Largest rectangle in a histogram |
There are a number of algorithms to attack this problem, some of them very efficient, e.g. \(O(n)\). [1,2]
Here we try to find out if we can formulate this as an optimization model.
A small data set
Here is a small data set. It corresponds to the picture above.
---- 13 SET i bars i1, i2, i3, i4, i5, i6, i7 ---- 13 PARAMETER hist histogram data i1 6.000, i2 2.000, i3 5.000, i4 4.000, i5 5.000, i6 1.000, i7 6.000 ---- 13 PARAMETER maxhist = 6.000 heighest bar
A quadratic model
We start with our central binary variable \[\mathit{select}_i = \begin{cases} 1 & \text{if bar $i$ is selected to be part of the rectangle} \\ 0 & \text{otherwise}\end{cases}\] In addition, we want to know if an unselected bar is left or right of the selected bars.

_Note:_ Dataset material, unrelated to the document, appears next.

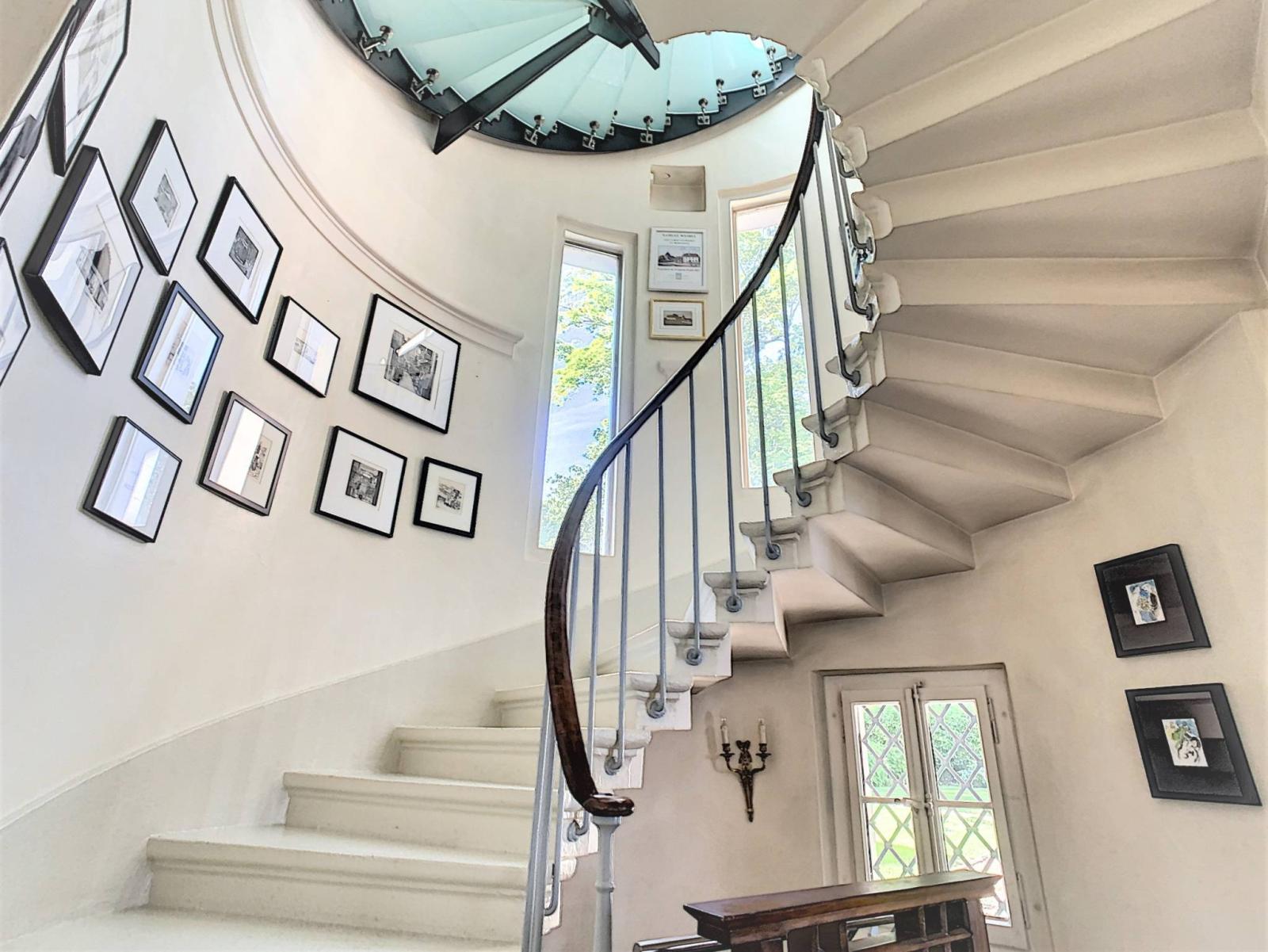 Les étages supérieurs sont accessibles par les escaliers en colimaçon de la tour et offrent 5 chambres à coucher , un bureau et plusieurs salles d'eau.

For this we use a binary variable \[\mathit{lr}_i = \begin{cases} 0 & \text{if unselected bar $i$ is to the left of the selected bars} \\ 1& \text{if unselected bar $i$ is to the right of the selected bars} \\ \text{unrestricted} & \text{if $\mathit{select}_i=1$}\end{cases}\] For the above picture, this looks like:
Note that the variable \(\mathit{lr}_i\) can be either 0 or 1 when the corresponding bar is selected.
The variables to describe the rcctangular area are: \(\mathit{start}\), \(\mathit{width}\) and \(\mathit{height}\).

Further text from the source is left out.